▶ [TASK BRIEF]: Two lines below mark the span: the one containing "根據中央氣象局表示,週一(4" and the one containing "All stages of". Set down both, plus every line between, exactly as they stand, and nothing else.

▶ [PROVIDED RECORDS]:
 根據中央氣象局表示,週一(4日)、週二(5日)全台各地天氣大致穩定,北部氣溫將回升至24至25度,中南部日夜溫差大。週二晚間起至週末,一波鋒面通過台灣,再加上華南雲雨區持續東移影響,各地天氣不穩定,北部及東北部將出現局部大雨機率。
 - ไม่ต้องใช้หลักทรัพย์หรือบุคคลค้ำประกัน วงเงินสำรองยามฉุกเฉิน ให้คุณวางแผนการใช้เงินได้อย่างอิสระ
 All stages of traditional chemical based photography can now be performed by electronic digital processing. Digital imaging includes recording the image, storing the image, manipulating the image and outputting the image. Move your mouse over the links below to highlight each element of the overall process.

* * *

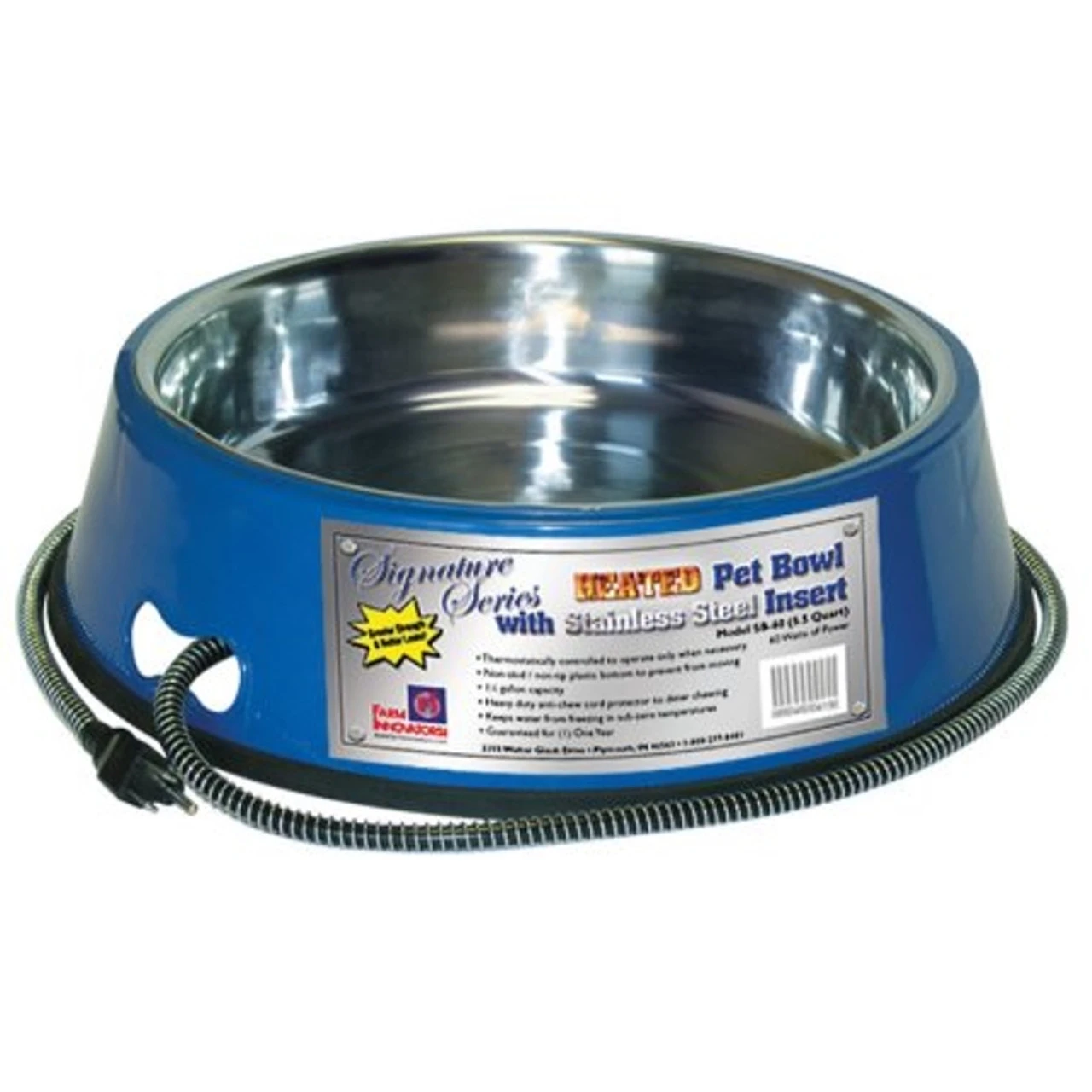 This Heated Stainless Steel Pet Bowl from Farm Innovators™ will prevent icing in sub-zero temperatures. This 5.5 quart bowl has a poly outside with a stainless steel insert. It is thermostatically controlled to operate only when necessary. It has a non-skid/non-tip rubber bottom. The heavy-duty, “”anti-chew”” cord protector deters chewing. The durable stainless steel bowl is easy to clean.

▶ [WRITTEN REPLY]:
 根據中央氣象局表示,週一(4日)、週二(5日)全台各地天氣大致穩定,北部氣溫將回升至24至25度,中南部日夜溫差大。週二晚間起至週末,一波鋒面通過台灣,再加上華南雲雨區持續東移影響,各地天氣不穩定,北部及東北部將出現局部大雨機率。
 - ไม่ต้องใช้หลักทรัพย์หรือบุคคลค้ำประกัน วงเงินสำรองยามฉุกเฉิน ให้คุณวางแผนการใช้เงินได้อย่างอิสระ
 All stages of traditional chemical based photography can now be performed by electronic digital processing. Digital imaging includes recording the image, storing the image, manipulating the image and outputting the image. Move your mouse over the links below to highlight each element of the overall process.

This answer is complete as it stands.